About this task: Output the full listing below, keeping each line exact.

Provided data:

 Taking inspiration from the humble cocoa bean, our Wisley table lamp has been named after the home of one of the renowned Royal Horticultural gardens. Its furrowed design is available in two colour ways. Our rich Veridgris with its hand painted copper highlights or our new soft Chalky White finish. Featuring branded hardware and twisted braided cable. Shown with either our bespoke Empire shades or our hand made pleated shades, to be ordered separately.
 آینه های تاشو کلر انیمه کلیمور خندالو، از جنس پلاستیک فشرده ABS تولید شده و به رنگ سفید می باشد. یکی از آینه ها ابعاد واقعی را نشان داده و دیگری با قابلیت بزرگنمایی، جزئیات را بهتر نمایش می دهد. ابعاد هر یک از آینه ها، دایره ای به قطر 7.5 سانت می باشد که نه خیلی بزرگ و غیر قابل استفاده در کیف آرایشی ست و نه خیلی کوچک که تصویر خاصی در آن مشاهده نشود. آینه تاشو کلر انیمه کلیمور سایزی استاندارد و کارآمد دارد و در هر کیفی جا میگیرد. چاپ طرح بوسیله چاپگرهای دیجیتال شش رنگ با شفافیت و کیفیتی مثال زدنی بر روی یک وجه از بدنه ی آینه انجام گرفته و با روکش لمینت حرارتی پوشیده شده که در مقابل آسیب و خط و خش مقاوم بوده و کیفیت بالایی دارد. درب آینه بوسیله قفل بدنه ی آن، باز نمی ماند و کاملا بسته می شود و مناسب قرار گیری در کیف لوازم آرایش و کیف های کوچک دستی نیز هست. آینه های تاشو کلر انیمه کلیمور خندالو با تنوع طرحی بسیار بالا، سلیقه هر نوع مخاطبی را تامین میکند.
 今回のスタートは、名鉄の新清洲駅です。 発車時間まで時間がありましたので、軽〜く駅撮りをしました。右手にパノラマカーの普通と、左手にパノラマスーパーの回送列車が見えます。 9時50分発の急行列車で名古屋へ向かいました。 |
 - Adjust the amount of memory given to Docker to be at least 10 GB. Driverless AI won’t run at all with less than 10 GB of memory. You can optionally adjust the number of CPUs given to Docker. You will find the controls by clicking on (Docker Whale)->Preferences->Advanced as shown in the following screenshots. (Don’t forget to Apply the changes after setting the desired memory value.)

Reply:
 Taking inspiration from the humble cocoa bean, our Wisley table lamp has been named after the home of one of the renowned Royal Horticultural gardens. Its furrowed design is available in two colour ways. Our rich Veridgris with its hand painted copper highlights or our new soft Chalky White finish. Featuring branded hardware and twisted braided cable. Shown with either our bespoke Empire shades or our hand made pleated shades, to be ordered separately.
 آینه های تاشو کلر انیمه کلیمور خندالو، از جنس پلاستیک فشرده ABS تولید شده و به رنگ سفید می باشد. یکی از آینه ها ابعاد واقعی را نشان داده و دیگری با قابلیت بزرگنمایی، جزئیات را بهتر نمایش می دهد. ابعاد هر یک از آینه ها، دایره ای به قطر 7.5 سانت می باشد که نه خیلی بزرگ و غیر قابل استفاده در کیف آرایشی ست و نه خیلی کوچک که تصویر خاصی در آن مشاهده نشود. آینه تاشو کلر انیمه کلیمور سایزی استاندارد و کارآمد دارد و در هر کیفی جا میگیرد. چاپ طرح بوسیله چاپگرهای دیجیتال شش رنگ با شفافیت و کیفیتی مثال زدنی بر روی یک وجه از بدنه ی آینه انجام گرفته و با روکش لمینت حرارتی پوشیده شده که در مقابل آسیب و خط و خش مقاوم بوده و کیفیت بالایی دارد. درب آینه بوسیله قفل بدنه ی آن، باز نمی ماند و کاملا بسته می شود و مناسب قرار گیری در کیف لوازم آرایش و کیف های کوچک دستی نیز هست. آینه های تاشو کلر انیمه کلیمور خندالو با تنوع طرحی بسیار بالا، سلیقه هر نوع مخاطبی را تامین میکند.
 今回のスタートは、名鉄の新清洲駅です。 発車時間まで時間がありましたので、軽〜く駅撮りをしました。右手にパノラマカーの普通と、左手にパノラマスーパーの回送列車が見えます。 9時50分発の急行列車で名古屋へ向かいました。 |
 - Adjust the amount of memory given to Docker to be at least 10 GB. Driverless AI won’t run at all with less than 10 GB of memory. You can optionally adjust the number of CPUs given to Docker. You will find the controls by clicking on (Docker Whale)->Preferences->Advanced as shown in the following screenshots. (Don’t forget to Apply the changes after setting the desired memory value.)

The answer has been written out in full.